The script specifically checks for this condition by comparing event timestamps across both servers. If it detects a significant discrepancy (logs on one server being much older than on the other), it generates a warning so I can investigate and restore proper load distribution.
# Check if only one server is being used
if ($server1Events.Status -eq "Success" -and $server2Events.Status -eq "Success") {
# Calculate the difference between server event timestamps in days
$dateDiff = [Math]::Abs(($server1Events.EventTime - $server2Events.EventTime).TotalDays)
if ($dateDiff -gt 5) { # More than 5 days difference
$inactiveServer = if ($server1EventAgeDays -gt $server2EventAgeDays) { $server1Name }
else { $server2Name }
$status = "Warning"
$statusDescription = "Server $inactiveServer may not be participating in
authentication. " +
"The timestamp difference between servers is $([Math]::Round($dateDiff, 1)) days."
}
}
Technical Implementation
The PowerShell script runs as a scheduled task every hour on our monitoring server. It connects to both MFA servers using UNC paths to access the log files:
# Configuration parameters
$server1Path = "\\otpserver1\c$\Program Files\Entrust\IdentityGuard\identityguard130\logs"
$server2Path = "\\otpserver2\c$\Program Files\Entrust\IdentityGuard\identityguard130\logs"
$server1Name = "otp.server.1"
$server2Name = "otp.server.2"
$auditLogName = "identityguard_audit.log"
# Email configuration
$smtpServer = "smtprelay.bear.local"
$emailFrom = "mfa-monitor@bythepowerofgreyskull.com"
$emailTo = @("lee@bythepowerofgreyskull.com")
$emailSubject = "MFA OTP Events Alert - Entrust Identity Guard"
The script uses several functions to handle different aspects of the monitoring process:
# Main execution flow
Write-Log "MFA OTP event monitoring script started"
# Get OTP events from both servers
$server1Events = Get-OTPEvents -serverPath $server1Path -serverName $server1Name
$server2Events = Get-OTPEvents -serverPath $server2Path -serverName $server2Name
# Format event information
$server1EventDate = $server1Events.EventTime.ToString("yyyy-MM-dd HH:mm:ss")
$server1EventAge = [Math]::Round(($currentDate - $server1Events.EventTime).TotalDays, 2)

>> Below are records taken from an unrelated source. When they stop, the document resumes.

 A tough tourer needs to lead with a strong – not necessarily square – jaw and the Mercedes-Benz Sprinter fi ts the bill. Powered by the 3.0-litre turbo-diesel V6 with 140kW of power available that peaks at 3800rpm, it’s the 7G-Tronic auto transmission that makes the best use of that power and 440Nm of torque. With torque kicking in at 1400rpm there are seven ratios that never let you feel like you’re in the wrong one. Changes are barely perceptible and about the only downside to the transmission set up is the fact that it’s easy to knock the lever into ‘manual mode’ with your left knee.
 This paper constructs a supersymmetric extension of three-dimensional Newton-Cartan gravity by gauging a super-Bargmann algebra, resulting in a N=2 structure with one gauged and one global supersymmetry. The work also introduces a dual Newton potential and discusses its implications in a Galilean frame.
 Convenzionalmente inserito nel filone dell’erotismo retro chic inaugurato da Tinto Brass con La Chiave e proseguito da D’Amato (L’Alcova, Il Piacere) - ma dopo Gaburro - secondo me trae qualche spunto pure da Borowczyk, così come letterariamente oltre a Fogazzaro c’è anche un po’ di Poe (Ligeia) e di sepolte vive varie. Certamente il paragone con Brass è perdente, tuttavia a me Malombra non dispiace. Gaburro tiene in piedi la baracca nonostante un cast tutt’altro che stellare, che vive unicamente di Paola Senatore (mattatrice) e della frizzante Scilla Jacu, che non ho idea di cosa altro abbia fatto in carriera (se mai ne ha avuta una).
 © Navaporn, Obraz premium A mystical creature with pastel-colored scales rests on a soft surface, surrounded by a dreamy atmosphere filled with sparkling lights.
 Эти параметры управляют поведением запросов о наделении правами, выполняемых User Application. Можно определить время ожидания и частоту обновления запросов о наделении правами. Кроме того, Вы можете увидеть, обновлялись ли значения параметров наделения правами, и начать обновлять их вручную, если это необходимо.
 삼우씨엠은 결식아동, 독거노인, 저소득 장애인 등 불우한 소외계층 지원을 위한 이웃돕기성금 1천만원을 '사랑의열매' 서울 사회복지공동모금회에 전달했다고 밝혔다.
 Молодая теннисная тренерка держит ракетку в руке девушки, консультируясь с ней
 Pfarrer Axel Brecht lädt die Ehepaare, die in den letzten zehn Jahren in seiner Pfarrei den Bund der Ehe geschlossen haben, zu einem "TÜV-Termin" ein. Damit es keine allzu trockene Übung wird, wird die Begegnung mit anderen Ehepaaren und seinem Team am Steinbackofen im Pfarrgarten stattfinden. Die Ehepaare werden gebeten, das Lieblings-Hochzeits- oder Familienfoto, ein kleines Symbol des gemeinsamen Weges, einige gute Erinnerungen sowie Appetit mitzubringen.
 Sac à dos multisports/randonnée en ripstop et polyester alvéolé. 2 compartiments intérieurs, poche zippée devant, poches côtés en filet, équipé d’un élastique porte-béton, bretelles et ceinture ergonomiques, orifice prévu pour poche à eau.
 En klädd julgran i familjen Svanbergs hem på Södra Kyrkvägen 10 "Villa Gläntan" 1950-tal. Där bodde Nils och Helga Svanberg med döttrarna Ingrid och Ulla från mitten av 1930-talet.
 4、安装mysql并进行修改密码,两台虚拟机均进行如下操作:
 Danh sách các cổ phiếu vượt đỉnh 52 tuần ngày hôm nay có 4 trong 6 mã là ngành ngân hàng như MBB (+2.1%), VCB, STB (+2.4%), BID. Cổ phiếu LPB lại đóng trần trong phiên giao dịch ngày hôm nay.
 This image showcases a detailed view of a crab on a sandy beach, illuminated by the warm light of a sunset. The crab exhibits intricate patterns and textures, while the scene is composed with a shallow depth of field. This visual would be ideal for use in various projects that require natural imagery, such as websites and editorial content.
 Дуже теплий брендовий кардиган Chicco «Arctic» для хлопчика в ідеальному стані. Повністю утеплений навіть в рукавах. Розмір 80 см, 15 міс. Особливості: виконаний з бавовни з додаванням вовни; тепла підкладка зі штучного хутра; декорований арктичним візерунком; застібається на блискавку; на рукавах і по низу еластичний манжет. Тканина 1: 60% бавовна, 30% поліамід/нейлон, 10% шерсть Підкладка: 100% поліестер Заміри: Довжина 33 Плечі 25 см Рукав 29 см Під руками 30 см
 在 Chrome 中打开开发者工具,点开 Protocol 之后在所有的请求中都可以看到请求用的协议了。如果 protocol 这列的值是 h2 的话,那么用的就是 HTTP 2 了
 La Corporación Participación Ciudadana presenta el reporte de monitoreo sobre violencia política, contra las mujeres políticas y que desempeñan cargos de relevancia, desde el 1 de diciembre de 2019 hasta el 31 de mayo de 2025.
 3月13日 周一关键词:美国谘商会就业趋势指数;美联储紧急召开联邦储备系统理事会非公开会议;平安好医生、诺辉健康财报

# Determine status and prepare alert
$status = DetermineAlertStatus -server1Events $server1Events -server2Events $server2Events
# Send alert when needed
if ($status -ne "Normal" -or $forceAlert) {
$emailBody = Get-EmailContent -status $status -server1Events $server1Events
-server2Events $server2Events
Send-AlertEmail -body $emailBody
}
Write-Log "Monitoring completed. Final status: $status"
Results and Benefits
Since implementing this monitoring solution, I've been able to:
- Detect MFA configuration issues before they affect users
- Identify load balancing problems between servers
- Verify successful OTP delivery to end users
- Reduce MFA-related downtime by catching issues early
- Establish baseline activity patterns for normal operation
In one instance, the script alerted me to a situation where one server hadn't processed an OTP event for over two weeks. Investigation revealed a configuration issue preventing the server from participating in the authentication flow. Without this monitoring, we might not have discovered the problem until a critical failure occurred.